The difference between the two situations is that in the former (P131) the reference is expressed in the model, whereas in the latter (P155) the references is expressed in a statement recorded in the model. 

Right? 

The questions is: do we need to record what the person making the co-reference statement believes the propositional objects refer to? The reference from each of them will/should/may be recorded in the system throught systems such as the various "identifies" properties.

 

Posted by Dominic 1/4/2014 

I don't understand this properly despite reading this email quite a few times. 

I have some text contained in a book or on an object that refers to or is about a city in Bavaria called Passau. 

I have a local knowledge of this place that I have my own identifier for. I can therefore co reference the text to my identifier. 

Someone else has an identifier for Passau but I don't know for sure whether it is taking about the same thing. It is outside my local knowledge. 
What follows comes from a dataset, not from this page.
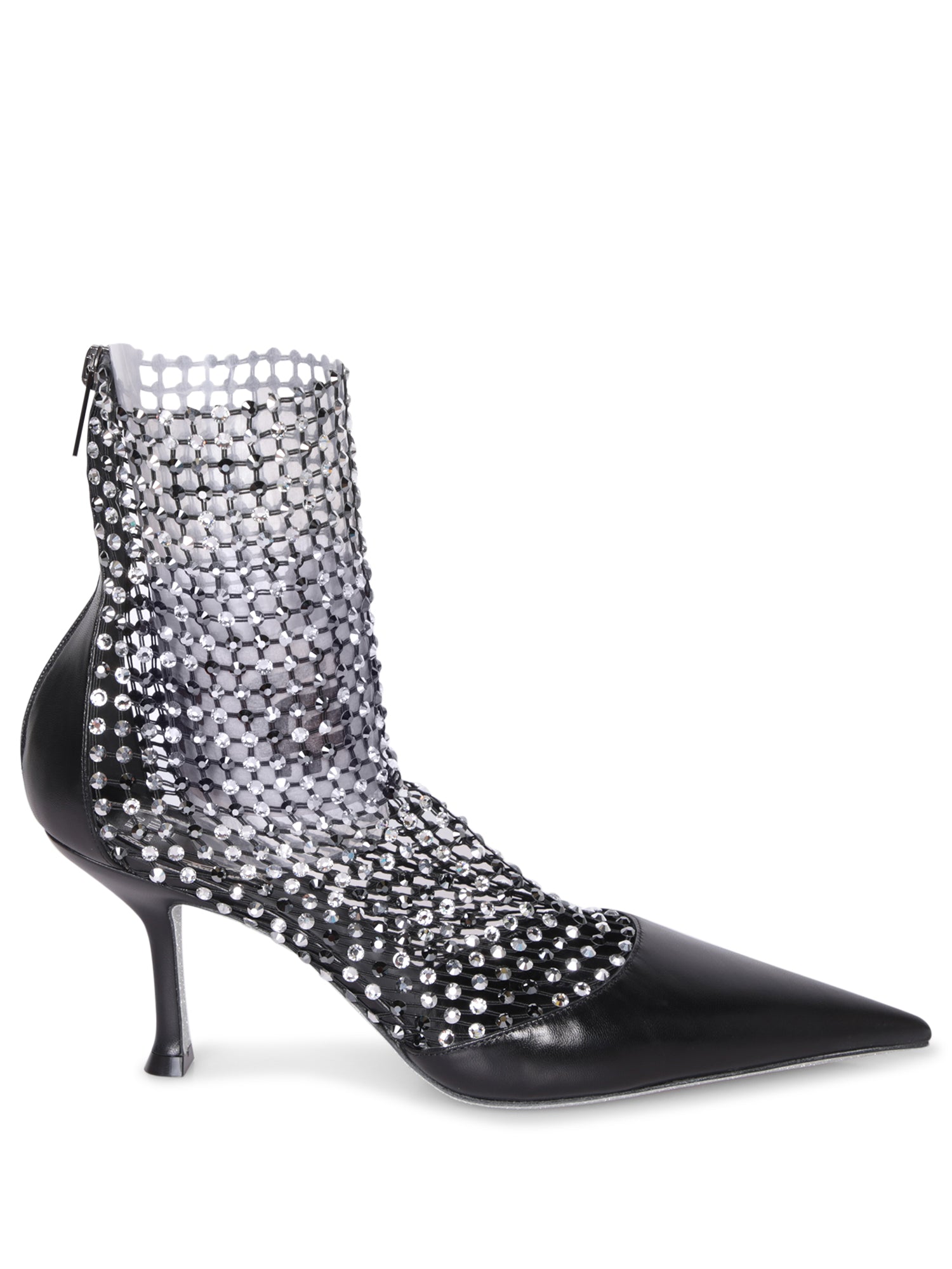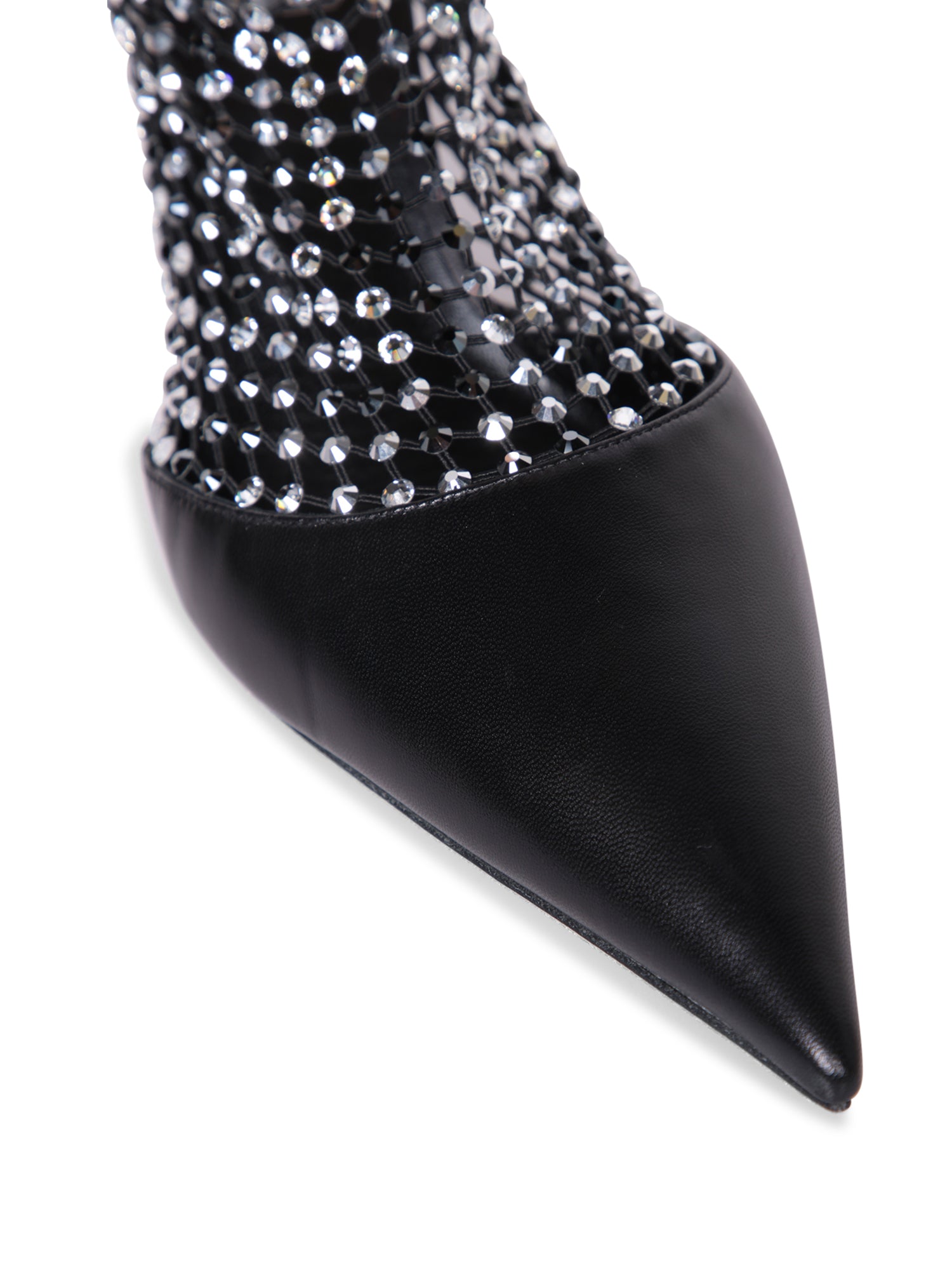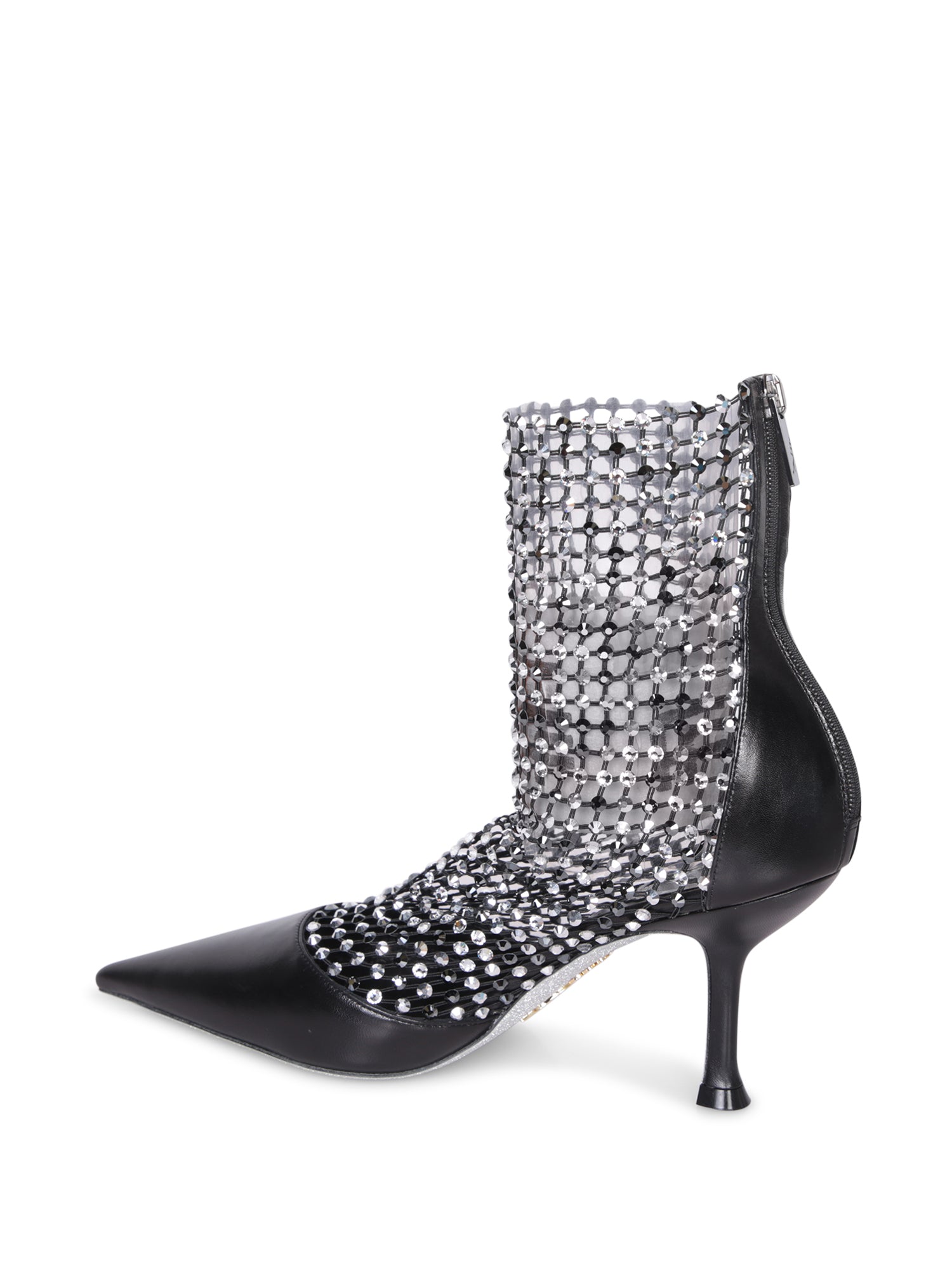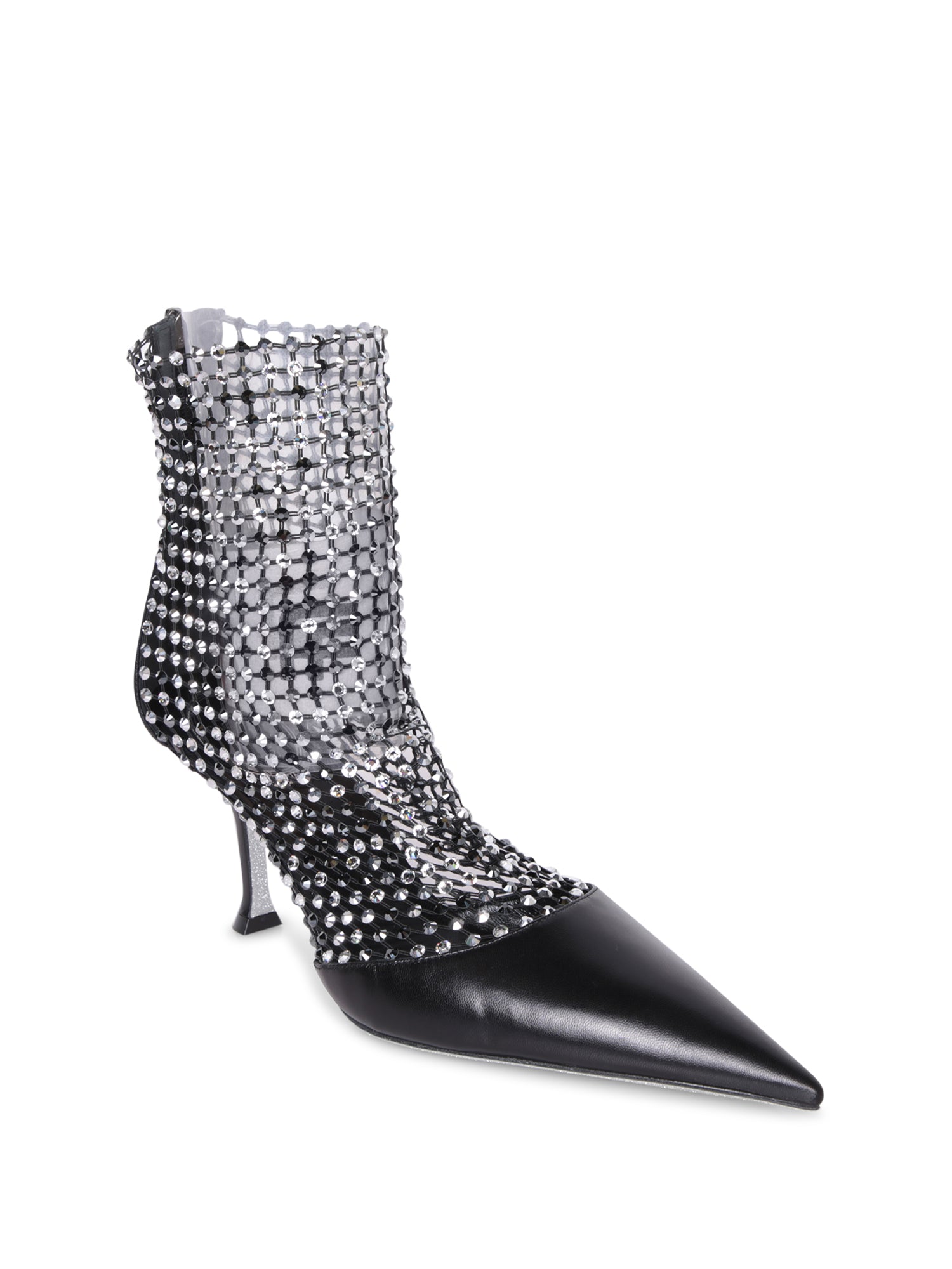 Leather ankle boot with rhinestone detail. Pointed toe. High heel.

Is the suggestion that P155 should only be used for co referencing local knowledge not external uri outside local knowledge. 

Thanks and apologies if this is obvious. 
Dominic 

 

Posted by Richard Light 1/4/2014 

I must confess that I have problems with this co-reference framework. 

What I would expect us to be developing is a way of making statements that, in someone's opinion, this CRM entity X is (or is not) the same real-world entity as that CRM entity Y. This is what I understand real-world co-referencing exercises do, e.g. aligning person identifiers in BNB with those in VIAF [1], using owl:sameAs or skos:exactMatch relationships. The difference we would bring to current practice is that we would be providing an attribute assignment context which allows us to state who is asserting the co-reference, when they did it, etc., and allowing them to give their reasons. Having "reified" the initial co-reference assertion, it would be possible for others to take issue with it, support it, etc. Have I misunderstood the intention here? 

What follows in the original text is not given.